Material to process
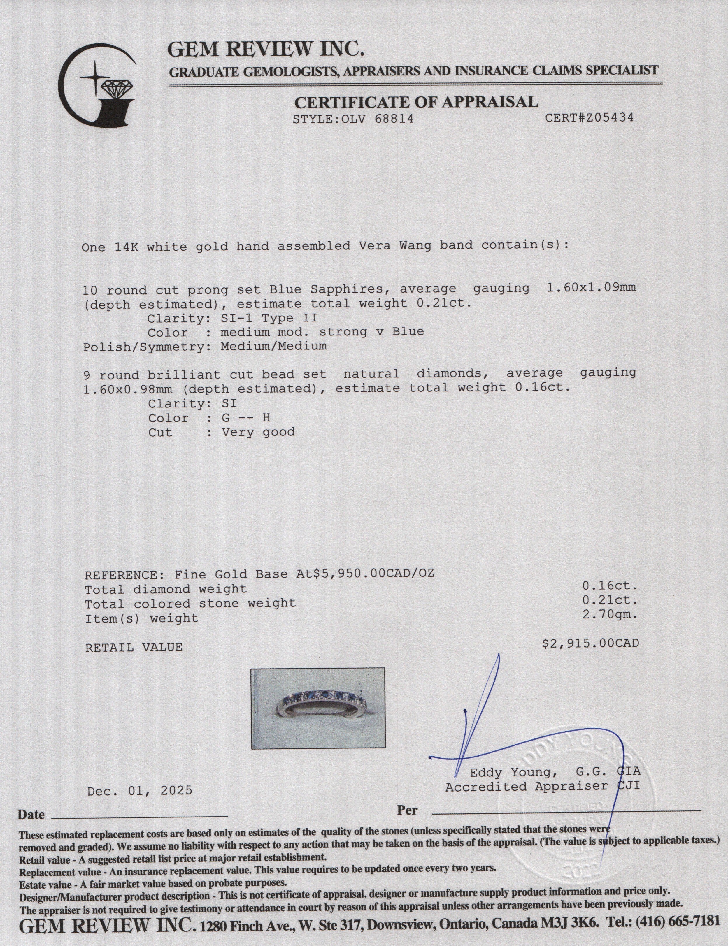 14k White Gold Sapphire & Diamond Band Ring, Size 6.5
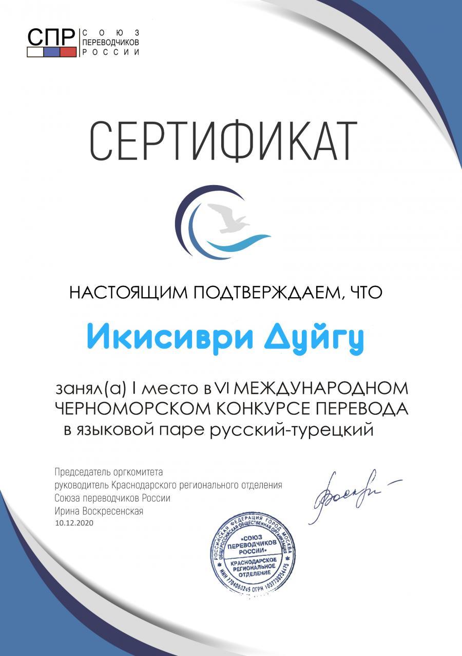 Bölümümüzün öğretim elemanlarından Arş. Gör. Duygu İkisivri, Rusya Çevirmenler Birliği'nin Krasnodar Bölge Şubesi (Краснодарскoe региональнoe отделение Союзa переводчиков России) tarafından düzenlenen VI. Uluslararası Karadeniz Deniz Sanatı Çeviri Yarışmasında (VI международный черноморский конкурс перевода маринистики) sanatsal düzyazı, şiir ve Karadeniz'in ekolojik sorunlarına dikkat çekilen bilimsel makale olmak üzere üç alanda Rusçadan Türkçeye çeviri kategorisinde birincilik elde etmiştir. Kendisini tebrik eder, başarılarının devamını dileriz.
---
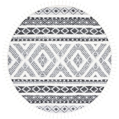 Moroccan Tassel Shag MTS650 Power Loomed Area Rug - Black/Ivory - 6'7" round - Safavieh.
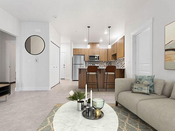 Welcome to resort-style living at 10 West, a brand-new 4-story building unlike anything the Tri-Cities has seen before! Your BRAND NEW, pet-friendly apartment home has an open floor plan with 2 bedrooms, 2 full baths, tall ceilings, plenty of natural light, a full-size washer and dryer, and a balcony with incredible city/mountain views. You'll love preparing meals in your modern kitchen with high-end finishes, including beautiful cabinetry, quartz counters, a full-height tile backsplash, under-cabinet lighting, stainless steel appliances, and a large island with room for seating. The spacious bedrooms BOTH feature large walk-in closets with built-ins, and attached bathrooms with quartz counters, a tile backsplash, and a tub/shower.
...
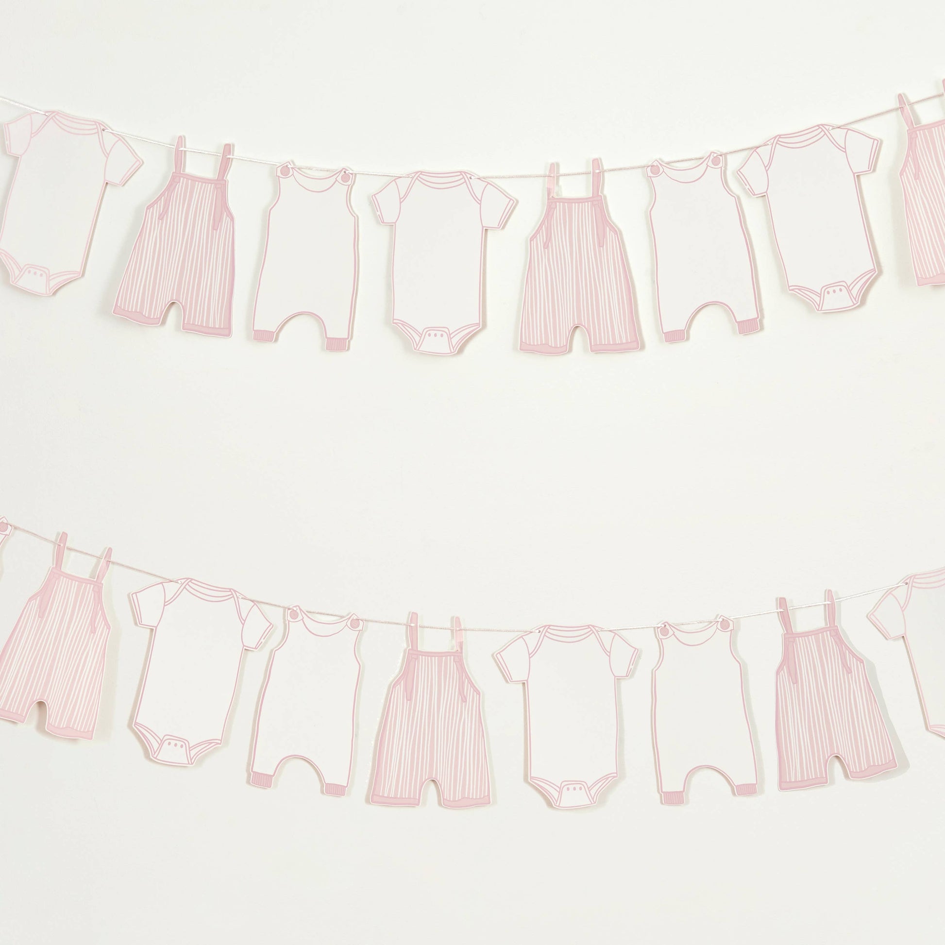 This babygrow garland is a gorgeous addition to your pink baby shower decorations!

Exercise details
Copy out exactly the lines above beginning with the line that contains "Moroccan Tassel Shag" and finishing with the line that contains "Welcome to resort-style", including both; leave the pictures out.

Answer section
 Moroccan Tassel Shag MTS650 Power Loomed Area Rug - Black/Ivory - 6'7" round - Safavieh.
 Welcome to resort-style living at 10 West, a brand-new 4-story building unlike anything the Tri-Cities has seen before! Your BRAND NEW, pet-friendly apartment home has an open floor plan with 2 bedrooms, 2 full baths, tall ceilings, plenty of natural light, a full-size washer and dryer, and a balcony with incredible city/mountain views. You'll love preparing meals in your modern kitchen with high-end finishes, including beautiful cabinetry, quartz counters, a full-height tile backsplash, under-cabinet lighting, stainless steel appliances, and a large island with room for seating. The spacious bedrooms BOTH feature large walk-in closets with built-ins, and attached bathrooms with quartz counters, a tile backsplash, and a tub/shower.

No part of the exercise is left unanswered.